O muro da minha casa

 

O tempo pintou um quadro no meu muro. Manchas cinzas e linhas aleatórias na tela amarela queimada de sol. Um quadro imenso, alto e largo, que separa o dentro do fora. Feito para resguardar a privacidade, os muros carregam o ar sisudo de uma sociedade que tem medo de si. A seriedade do meu muro contaminou-se do verde das plantas que encostam nele suas folhas sem ligar para sua função austera. Meu filho, jogando-lhe balões d’água que explodem ao esbarrarem em sua dureza, faz do muro algo para o qual ele não foi projetado. Molhado, o muro ri.

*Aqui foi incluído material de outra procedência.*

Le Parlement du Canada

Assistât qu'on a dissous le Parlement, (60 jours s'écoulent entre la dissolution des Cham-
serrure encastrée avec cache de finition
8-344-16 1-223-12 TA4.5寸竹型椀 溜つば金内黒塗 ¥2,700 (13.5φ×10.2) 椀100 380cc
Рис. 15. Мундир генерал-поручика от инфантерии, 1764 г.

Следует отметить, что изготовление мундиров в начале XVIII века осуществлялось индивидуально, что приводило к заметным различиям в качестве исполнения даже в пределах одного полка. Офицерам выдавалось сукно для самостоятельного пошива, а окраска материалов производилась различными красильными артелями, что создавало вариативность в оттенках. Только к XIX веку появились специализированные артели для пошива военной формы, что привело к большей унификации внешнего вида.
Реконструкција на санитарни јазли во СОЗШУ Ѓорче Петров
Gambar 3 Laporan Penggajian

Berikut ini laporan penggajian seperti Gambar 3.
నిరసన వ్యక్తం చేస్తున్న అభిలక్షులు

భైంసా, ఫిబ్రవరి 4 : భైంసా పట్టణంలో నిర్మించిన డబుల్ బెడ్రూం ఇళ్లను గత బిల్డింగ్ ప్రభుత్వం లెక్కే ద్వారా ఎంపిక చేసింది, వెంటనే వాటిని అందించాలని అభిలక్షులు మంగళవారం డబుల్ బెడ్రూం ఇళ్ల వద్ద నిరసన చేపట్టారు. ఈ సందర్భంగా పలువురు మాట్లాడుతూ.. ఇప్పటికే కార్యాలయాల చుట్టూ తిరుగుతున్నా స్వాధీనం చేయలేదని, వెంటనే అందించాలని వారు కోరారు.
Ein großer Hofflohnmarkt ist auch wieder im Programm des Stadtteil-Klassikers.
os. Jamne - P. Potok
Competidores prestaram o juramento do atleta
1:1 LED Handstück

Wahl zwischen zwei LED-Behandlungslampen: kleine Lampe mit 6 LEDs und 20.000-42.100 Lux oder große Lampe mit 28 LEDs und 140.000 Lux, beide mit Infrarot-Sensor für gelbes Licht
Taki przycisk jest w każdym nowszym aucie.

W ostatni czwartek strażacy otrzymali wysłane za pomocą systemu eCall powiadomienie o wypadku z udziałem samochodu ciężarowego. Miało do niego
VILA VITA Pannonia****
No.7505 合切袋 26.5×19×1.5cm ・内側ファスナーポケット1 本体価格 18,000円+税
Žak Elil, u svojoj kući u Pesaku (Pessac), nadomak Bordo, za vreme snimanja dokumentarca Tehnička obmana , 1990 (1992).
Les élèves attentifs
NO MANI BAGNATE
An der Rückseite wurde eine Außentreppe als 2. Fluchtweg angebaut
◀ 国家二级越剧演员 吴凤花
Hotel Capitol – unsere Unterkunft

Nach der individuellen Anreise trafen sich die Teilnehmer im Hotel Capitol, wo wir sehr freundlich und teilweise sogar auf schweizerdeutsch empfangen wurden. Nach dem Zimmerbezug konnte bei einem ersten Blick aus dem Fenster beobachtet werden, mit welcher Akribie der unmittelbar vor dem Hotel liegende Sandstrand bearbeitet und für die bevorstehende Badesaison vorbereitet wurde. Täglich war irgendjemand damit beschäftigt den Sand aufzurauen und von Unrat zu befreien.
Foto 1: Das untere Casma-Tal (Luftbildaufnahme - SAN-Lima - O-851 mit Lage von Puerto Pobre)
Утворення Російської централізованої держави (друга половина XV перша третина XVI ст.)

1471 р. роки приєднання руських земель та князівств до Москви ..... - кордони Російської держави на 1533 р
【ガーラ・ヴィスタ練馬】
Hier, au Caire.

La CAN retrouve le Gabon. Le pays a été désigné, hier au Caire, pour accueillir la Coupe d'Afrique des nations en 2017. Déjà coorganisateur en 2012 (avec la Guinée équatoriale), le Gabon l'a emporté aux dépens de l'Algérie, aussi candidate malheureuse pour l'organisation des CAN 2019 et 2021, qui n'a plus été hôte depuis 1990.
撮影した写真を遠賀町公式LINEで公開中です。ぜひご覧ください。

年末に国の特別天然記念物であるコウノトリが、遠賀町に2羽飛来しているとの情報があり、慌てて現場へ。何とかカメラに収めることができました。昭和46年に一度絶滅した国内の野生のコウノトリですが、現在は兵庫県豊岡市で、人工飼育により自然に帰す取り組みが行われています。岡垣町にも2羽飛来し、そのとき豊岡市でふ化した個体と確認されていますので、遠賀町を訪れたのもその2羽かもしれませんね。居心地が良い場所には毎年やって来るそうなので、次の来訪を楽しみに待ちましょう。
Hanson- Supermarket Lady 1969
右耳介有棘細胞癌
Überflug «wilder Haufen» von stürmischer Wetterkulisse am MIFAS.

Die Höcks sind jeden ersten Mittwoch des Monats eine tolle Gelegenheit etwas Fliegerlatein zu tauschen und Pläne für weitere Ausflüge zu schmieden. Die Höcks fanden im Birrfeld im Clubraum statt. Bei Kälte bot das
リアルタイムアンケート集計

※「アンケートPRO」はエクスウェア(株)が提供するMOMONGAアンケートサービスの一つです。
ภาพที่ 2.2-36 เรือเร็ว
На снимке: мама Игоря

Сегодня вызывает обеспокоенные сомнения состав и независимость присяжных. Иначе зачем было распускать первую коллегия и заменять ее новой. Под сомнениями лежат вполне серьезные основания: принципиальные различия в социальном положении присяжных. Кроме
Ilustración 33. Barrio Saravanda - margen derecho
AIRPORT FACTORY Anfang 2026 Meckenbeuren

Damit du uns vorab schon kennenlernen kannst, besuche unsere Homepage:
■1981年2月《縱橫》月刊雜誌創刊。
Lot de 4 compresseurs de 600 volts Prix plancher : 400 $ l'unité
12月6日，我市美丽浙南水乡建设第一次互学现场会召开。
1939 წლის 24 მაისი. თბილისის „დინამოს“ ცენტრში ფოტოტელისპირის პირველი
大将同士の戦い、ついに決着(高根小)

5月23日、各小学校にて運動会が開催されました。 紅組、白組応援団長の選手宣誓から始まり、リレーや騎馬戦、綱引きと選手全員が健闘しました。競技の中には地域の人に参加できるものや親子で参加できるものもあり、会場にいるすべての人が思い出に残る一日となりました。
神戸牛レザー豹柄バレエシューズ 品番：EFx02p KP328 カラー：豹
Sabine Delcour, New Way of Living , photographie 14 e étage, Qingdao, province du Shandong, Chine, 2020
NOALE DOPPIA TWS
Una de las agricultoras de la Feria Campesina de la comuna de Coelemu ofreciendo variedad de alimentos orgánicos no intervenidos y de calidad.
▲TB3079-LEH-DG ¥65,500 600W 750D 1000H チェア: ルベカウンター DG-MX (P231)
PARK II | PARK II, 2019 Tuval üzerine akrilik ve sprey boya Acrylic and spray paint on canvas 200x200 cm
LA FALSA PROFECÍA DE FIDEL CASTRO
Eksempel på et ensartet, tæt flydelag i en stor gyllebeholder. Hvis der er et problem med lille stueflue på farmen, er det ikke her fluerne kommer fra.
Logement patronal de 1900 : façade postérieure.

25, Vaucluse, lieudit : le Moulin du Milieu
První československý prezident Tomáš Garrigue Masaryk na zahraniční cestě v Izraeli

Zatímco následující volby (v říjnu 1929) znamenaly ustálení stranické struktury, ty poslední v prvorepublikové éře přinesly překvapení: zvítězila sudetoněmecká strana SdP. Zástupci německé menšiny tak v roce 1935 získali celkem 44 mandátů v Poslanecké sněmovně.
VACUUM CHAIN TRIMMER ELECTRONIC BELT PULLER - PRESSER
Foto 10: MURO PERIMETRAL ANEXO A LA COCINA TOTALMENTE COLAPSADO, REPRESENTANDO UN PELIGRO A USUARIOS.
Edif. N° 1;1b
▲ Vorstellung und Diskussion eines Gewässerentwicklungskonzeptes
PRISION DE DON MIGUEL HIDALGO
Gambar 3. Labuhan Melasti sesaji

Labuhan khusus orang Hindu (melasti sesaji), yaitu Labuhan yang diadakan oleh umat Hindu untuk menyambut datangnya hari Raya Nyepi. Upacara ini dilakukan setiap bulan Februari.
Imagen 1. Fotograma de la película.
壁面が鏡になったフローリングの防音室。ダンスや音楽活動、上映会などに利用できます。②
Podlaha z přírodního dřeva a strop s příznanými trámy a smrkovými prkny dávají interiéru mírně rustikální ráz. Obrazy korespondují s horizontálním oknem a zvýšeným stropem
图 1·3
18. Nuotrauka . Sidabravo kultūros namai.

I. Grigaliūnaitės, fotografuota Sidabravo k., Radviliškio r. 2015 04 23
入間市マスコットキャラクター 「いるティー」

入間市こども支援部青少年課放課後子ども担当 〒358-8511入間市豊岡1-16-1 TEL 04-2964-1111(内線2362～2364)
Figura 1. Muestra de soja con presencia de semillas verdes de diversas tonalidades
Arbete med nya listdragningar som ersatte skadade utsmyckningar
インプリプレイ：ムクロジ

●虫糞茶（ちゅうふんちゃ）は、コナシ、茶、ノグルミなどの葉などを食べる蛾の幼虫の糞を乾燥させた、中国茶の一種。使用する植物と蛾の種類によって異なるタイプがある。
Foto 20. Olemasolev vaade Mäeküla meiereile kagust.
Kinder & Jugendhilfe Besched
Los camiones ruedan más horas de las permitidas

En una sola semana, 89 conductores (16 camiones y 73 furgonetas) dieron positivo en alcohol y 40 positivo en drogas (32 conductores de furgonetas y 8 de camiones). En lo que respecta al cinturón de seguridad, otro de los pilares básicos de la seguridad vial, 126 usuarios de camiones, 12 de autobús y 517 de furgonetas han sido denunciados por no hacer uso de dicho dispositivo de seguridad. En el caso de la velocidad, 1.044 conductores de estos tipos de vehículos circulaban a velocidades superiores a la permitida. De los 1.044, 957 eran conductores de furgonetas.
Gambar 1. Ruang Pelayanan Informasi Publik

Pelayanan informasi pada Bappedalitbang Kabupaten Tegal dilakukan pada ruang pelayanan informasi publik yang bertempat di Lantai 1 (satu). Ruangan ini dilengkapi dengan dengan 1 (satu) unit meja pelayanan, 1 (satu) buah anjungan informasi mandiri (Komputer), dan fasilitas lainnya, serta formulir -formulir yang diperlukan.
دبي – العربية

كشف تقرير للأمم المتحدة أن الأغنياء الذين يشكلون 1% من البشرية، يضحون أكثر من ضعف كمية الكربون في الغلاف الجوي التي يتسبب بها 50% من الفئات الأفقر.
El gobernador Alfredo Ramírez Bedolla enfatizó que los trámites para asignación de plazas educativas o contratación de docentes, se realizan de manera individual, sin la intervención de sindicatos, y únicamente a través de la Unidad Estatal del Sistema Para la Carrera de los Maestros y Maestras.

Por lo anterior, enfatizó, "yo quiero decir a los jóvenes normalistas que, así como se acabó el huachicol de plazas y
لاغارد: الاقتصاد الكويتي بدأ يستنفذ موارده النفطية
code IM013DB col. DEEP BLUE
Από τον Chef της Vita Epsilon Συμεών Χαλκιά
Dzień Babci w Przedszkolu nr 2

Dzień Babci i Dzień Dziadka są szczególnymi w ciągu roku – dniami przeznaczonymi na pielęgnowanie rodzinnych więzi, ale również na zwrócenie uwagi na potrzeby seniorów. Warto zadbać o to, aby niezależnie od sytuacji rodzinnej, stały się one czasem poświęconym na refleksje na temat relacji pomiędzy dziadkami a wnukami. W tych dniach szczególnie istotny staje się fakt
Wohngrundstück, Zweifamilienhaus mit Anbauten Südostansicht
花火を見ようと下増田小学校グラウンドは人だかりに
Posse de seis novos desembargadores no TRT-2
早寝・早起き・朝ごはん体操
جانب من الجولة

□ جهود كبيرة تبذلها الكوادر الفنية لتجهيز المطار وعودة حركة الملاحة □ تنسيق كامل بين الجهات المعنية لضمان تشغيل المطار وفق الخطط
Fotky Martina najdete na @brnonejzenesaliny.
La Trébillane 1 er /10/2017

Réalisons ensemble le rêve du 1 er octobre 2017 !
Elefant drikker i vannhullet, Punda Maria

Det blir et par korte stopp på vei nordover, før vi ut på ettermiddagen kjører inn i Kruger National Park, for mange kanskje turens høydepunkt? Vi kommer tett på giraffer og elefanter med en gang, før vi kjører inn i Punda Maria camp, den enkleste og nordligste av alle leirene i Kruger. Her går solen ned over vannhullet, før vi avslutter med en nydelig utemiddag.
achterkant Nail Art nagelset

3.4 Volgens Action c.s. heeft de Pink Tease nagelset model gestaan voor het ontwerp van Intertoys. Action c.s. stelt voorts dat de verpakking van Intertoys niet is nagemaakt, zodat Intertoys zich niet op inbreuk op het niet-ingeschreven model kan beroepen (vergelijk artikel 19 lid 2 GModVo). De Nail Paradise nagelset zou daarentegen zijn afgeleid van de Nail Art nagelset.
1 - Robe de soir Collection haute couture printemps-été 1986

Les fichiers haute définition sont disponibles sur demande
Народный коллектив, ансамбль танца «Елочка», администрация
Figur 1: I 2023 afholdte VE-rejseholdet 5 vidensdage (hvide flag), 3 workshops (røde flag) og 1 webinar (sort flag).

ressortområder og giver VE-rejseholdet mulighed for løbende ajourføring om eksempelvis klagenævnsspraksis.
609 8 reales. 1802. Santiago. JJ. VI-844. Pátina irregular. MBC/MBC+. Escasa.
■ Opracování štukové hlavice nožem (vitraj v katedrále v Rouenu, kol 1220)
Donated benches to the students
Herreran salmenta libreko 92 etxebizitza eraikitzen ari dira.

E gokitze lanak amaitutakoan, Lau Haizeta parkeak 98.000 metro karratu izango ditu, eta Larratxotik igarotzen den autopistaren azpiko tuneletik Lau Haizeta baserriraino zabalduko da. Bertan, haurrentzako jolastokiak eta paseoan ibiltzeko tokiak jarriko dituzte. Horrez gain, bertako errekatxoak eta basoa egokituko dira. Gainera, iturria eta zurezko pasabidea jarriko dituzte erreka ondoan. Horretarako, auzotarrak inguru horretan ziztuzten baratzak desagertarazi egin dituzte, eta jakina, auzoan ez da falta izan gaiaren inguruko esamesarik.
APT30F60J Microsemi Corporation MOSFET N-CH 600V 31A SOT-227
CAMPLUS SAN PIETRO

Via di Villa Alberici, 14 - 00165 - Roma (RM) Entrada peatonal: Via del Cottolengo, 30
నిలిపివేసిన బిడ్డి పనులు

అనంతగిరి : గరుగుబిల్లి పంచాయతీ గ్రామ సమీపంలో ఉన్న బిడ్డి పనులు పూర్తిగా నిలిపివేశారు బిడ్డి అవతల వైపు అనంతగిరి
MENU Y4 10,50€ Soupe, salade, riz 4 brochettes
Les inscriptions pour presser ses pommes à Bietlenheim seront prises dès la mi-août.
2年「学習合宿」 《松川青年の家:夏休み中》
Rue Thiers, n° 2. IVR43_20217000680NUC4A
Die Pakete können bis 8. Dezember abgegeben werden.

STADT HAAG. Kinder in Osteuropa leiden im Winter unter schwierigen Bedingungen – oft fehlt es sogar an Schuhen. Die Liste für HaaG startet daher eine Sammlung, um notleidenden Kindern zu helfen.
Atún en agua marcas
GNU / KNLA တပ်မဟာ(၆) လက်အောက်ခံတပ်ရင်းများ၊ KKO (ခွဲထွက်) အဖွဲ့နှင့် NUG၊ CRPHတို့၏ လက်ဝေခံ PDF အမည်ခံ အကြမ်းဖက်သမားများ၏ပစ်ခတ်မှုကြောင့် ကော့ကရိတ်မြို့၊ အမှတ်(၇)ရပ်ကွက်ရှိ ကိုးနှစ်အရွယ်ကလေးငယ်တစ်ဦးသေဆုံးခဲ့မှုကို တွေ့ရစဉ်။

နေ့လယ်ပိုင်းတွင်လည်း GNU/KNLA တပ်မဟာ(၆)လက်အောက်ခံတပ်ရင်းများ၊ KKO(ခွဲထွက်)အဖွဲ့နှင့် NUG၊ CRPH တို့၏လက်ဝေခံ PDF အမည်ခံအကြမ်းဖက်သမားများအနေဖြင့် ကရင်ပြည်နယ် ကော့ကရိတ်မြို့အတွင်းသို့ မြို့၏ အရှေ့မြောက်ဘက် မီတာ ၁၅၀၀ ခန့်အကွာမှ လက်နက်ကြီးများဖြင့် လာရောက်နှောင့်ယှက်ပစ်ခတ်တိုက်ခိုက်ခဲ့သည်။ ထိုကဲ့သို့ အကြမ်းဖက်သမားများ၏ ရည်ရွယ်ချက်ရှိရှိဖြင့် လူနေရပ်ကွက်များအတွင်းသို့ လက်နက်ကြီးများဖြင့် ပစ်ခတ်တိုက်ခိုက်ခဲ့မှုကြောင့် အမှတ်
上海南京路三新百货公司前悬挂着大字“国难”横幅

Um sorriso pequeno, próprio de quem tem pouca prática em leveza. Em algumas manhãs, o muro vira estrada para ‘soins’ que o veem somente como um atalho para a outra rua. Os animaizinhos lhe fazem cócegas. Ao pé do muro, estica-se um chão que comporta um tapete de folhas marrons, terra, grama viva e morta (ou preste a morrer), cimento. Esses pedaços de chão fazem também parte da extensão do muro-quadro. Muro e chão são as partes básicas de todos os imóveis. Mas, o muro da minha casa – e o chão que lhe compõe – é movido pelo tempo que o colore, pelas folhas que o acariciam, pelas brincadeiras infantis das quais participa, pelo sol que o ilumina e desbota, pelos bichos que fazem dele caminho. Esperançosa, contemplo a mobilidade de um imóvel.